** GIVEN RECORDS follows **
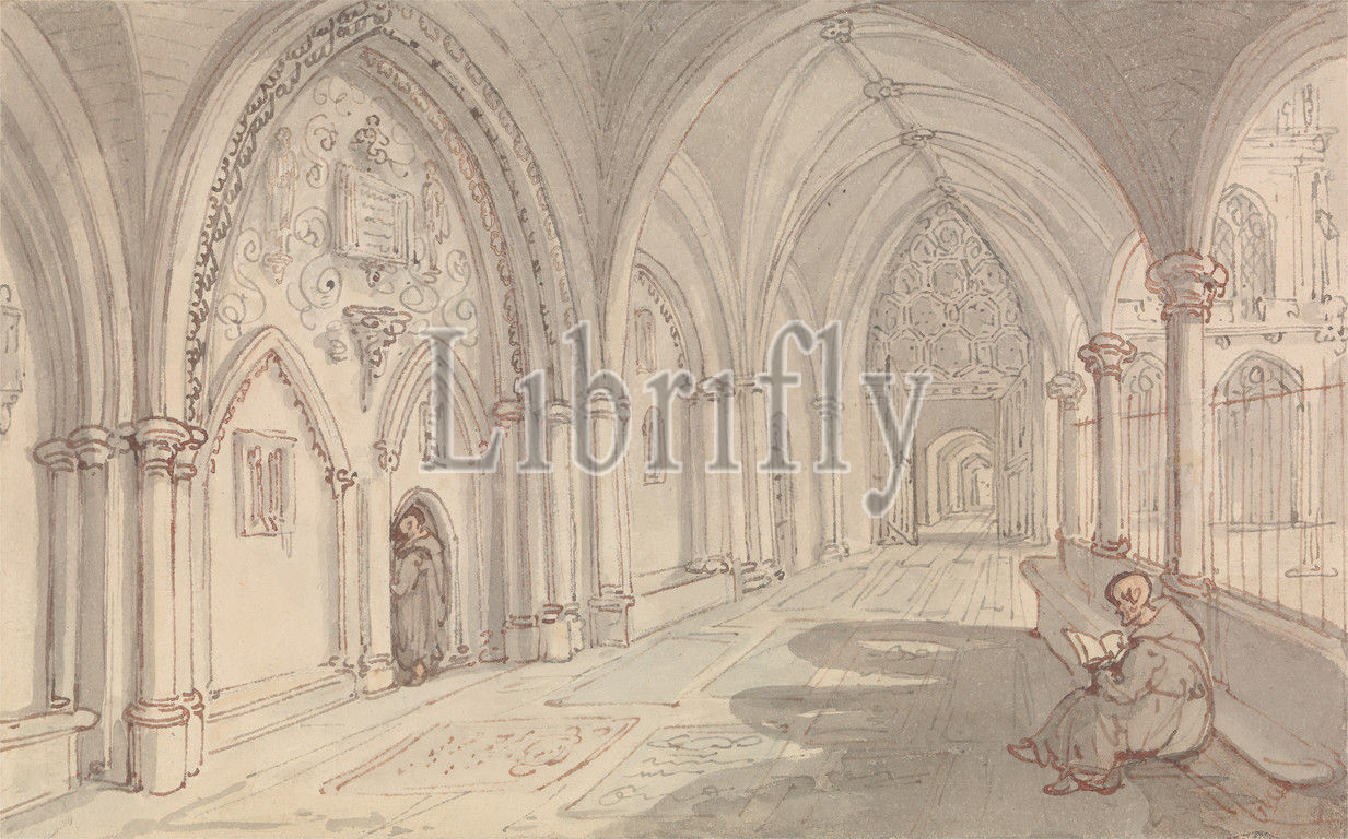 Cloisters, Monastery, Thomas Rowlandson, 1756–1827, British, Watercolor, graphite, pen, red ink, pen, gray ink, medium, smooth, cream wove paper, Sheet, archways, cloisters, corridors, doorway, genre subject, monastery, monks, reading, sitting, vaulted ceilings
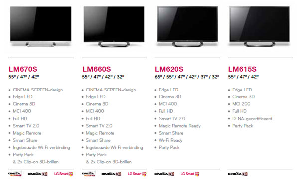Hieronder vind je een overzicht van de LG LCD TV line-up voor 2012.
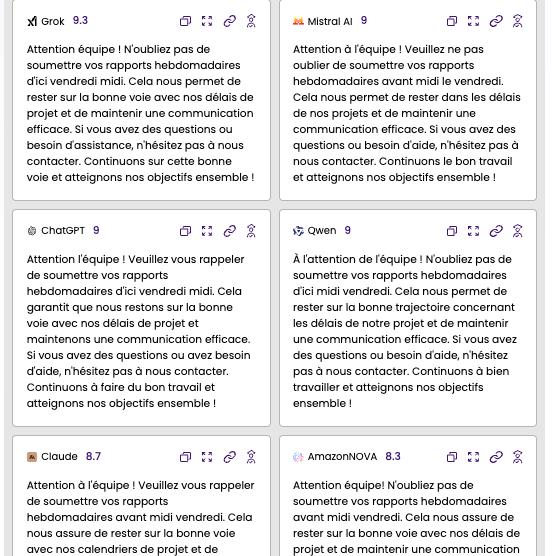 ● Le résultat : voir plusieurs versions côte à côte permet aux rédacteurs de valider le contenu dans 78 % des cas dès la première lecture. Cela réduit de 27 % le temps consacré au choix entre les options.
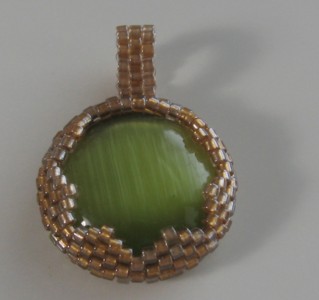 tekniikoita ja helmiä. Vihreä 17 mm kissansilmä ja
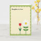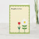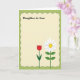 The front design shows a light cream panel framed by a deep green scalloped border, giving the layout a soft, cozy feel. Near the top, the words “Daughter-in-Law” sit centered in a dark tone, leaving open space below for a note. At the bottom, two tall flowers lean gently toward each other like close companions, adding a quiet romantic warmth ❤️. One flower is a red tulip-like bloom with smooth curved petals on a slim green stem, and the other is a white daisy-like flower with a sunny yellow center and sturdy green stem. Small shadows beneath the petals and leaves create a subtle layered look without feeling heavy. The inner green frame has tiny dotted details that resemble careful stitching, while a wider lighter-green margin surrounds it. A dashed line traces near the edge of the outer green area, keeping the border tidy and decorative 🌼. The red bloom stands on the left and the white daisy-like flower stands on the right, both rooted along the creamy base.
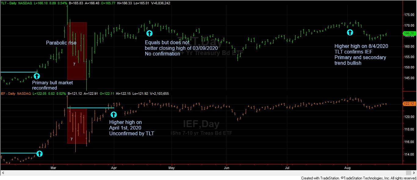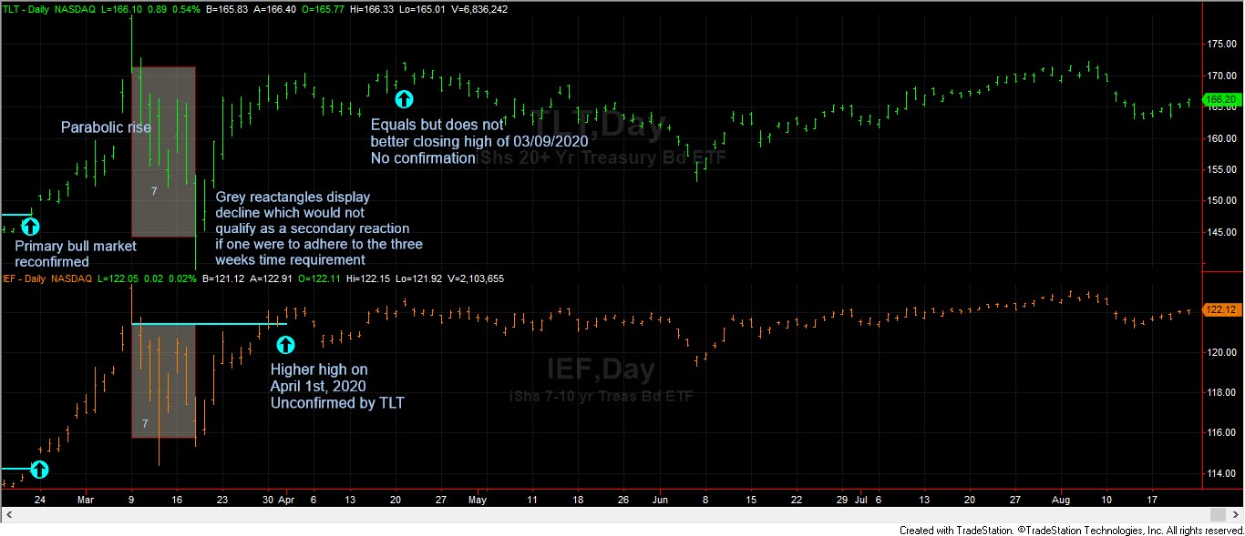 On 04/01/2020, IEF bettered its last primary bull market closing highs of 03/09/2020 unconfirmed by TLT. On 08/04/2020, TLT finally deigned to confirm and broke up its 3/9/2020 primary bull market highs, and, hence, the primary bull market was reconfirmed.
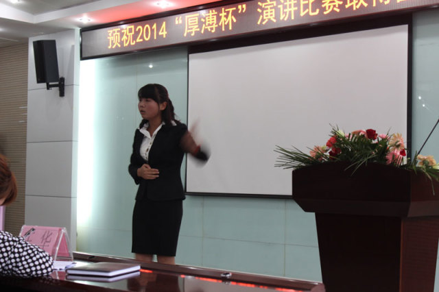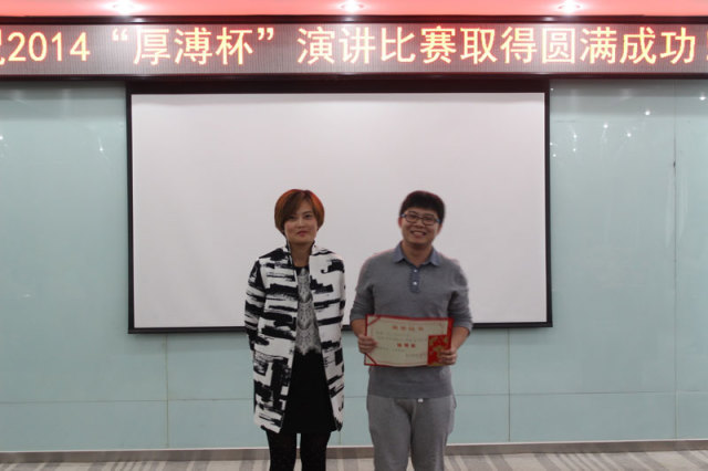 2014年10月31日,“厚溥杯”演講比賽決賽如期在光谷軟件園C6棟109多功能會(huì)議廳舉行。評(píng)委會(huì)由武漢景寧人力資源服務(wù)有限公司、武漢厚溥教育科技有限公司專家及各高校教務(wù)相關(guān)領(lǐng)導(dǎo)組成,通過嚴(yán)密的賽制,最終決出特等獎(jiǎng)1名、一等獎(jiǎng)3名、二等獎(jiǎng)5名、優(yōu)秀獎(jiǎng)8名,而優(yōu)秀指導(dǎo)老師則被湖北三峽職業(yè)技術(shù)學(xué)院劉靚老師獲得。
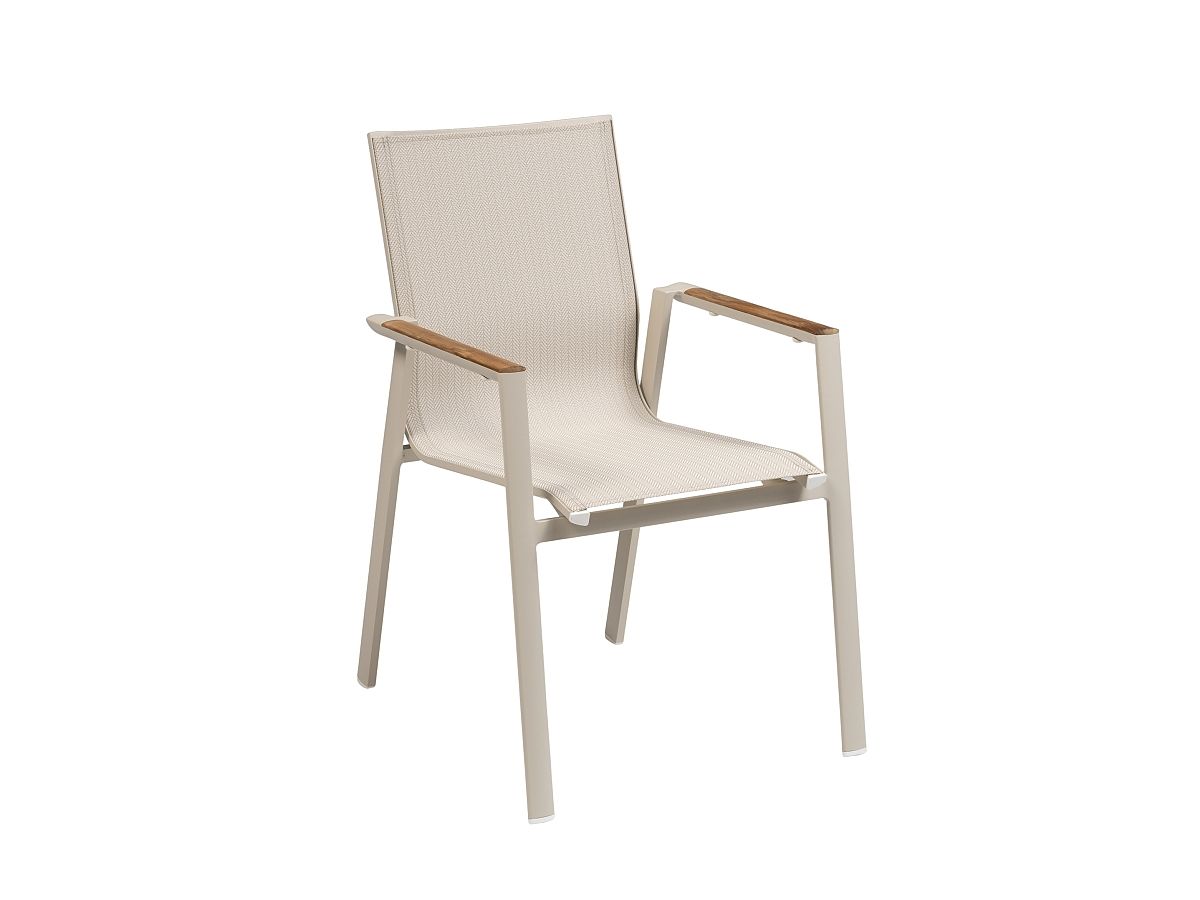 • Stolička Aspen: Hliníková konštrukcia (Ivory) s ergonomicky tvarovaným operadlom. Výplet z odolného textilu s moderným vzorom rybej kosti (v kombinácii svetlo- a tmavosivej). Podrúčky sú doplnené o elegantné lišty z umelého dreva v teakovom odtieni.
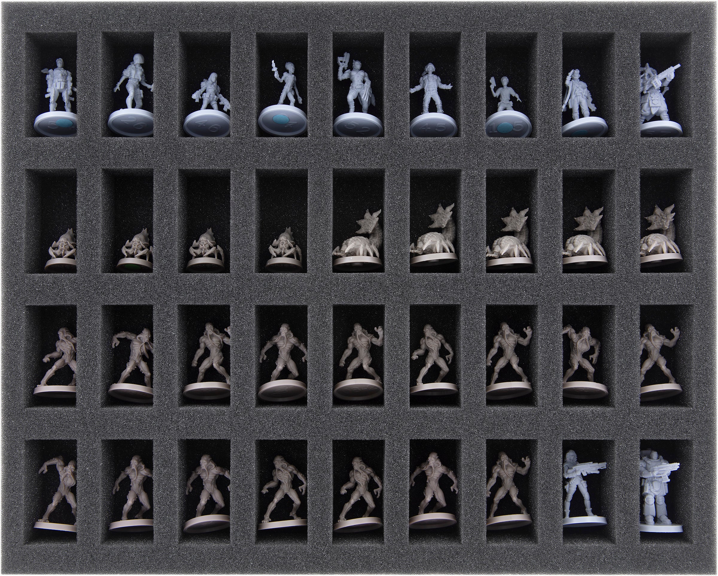 • 1 Full-Size foam tray with 32 compartments for miniatures (FSMEDS040BO)
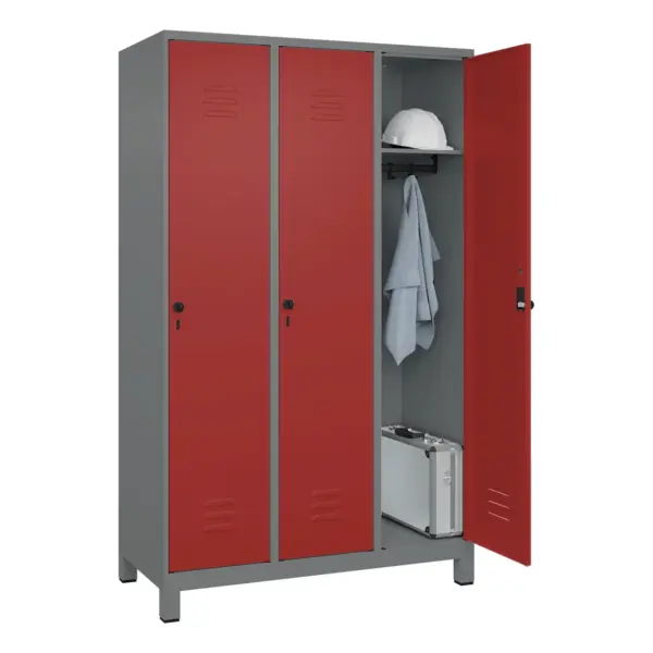 - schmale Seitenkanten für homogene Optik wenn mehrere Spinde nebeneinander aufgestellt werden, ohne Doppelungen an den Spindstößen
** End of GIVEN RECORDS **
**WHAT THE EXERCISE ASKS:** Nothing but the lines from the first line of the data above through the line holding "Hieronder vind je" may appear in the response, copied exactly and without pictures.

**RESPONSE BOX:**
 Cloisters, Monastery, Thomas Rowlandson, 1756–1827, British, Watercolor, graphite, pen, red ink, pen, gray ink, medium, smooth, cream wove paper, Sheet, archways, cloisters, corridors, doorway, genre subject, monastery, monks, reading, sitting, vaulted ceilings
Hieronder vind je een overzicht van de LG LCD TV line-up voor 2012.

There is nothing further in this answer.